• PROBLEM TO SOLVE
First find the line containing "transparent cells floating" in the data, then set it down exactly along with every line after it, through the last.
Segment Start: PROVIDED RECORDS
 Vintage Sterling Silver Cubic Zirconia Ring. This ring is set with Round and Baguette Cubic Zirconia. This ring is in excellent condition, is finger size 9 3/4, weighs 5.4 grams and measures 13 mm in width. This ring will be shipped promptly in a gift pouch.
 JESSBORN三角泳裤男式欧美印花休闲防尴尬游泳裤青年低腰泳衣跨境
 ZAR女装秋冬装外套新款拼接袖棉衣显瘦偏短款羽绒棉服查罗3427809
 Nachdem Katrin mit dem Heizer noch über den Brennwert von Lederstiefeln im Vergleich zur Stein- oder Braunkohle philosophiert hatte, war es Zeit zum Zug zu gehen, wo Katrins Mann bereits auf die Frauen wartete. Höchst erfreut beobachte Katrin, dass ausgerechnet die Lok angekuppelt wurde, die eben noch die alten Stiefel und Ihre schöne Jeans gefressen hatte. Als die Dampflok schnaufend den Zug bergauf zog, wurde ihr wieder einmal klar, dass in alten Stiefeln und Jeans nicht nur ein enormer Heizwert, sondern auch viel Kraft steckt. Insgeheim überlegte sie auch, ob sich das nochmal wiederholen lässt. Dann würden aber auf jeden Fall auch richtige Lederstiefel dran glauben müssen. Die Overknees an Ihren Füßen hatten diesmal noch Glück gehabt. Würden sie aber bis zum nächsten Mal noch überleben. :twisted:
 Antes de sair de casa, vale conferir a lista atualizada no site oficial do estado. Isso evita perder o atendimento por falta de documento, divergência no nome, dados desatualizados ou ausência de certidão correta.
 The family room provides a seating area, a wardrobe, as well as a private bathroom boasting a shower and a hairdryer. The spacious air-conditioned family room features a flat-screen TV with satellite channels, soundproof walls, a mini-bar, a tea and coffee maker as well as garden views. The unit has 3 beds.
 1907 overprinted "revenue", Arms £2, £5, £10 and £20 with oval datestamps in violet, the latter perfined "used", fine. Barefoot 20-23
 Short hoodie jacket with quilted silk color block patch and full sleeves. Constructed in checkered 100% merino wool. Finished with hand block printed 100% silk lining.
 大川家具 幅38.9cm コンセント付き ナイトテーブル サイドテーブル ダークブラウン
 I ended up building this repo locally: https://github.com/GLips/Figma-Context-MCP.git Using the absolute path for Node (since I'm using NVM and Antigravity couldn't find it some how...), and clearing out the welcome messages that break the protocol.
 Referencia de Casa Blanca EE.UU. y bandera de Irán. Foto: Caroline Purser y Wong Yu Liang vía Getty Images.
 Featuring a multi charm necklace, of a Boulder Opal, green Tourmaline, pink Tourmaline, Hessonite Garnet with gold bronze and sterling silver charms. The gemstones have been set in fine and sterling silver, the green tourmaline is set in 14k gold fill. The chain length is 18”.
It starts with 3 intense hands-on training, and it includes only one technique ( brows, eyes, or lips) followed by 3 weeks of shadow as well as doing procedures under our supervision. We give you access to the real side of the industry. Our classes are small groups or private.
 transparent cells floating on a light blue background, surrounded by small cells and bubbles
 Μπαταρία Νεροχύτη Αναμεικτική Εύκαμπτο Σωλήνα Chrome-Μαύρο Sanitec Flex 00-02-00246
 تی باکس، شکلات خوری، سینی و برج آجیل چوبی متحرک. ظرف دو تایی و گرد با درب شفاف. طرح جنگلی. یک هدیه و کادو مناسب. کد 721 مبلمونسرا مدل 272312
Segment End: PROVIDED RECORDS
• RESPONSE TO THE EXERCISE
 transparent cells floating on a light blue background, surrounded by small cells and bubbles
 Μπαταρία Νεροχύτη Αναμεικτική Εύκαμπτο Σωλήνα Chrome-Μαύρο Sanitec Flex 00-02-00246
 تی باکس، شکلات خوری، سینی و برج آجیل چوبی متحرک. ظرف دو تایی و گرد با درب شفاف. طرح جنگلی. یک هدیه و کادو مناسب. کد 721 مبلمونسرا مدل 272312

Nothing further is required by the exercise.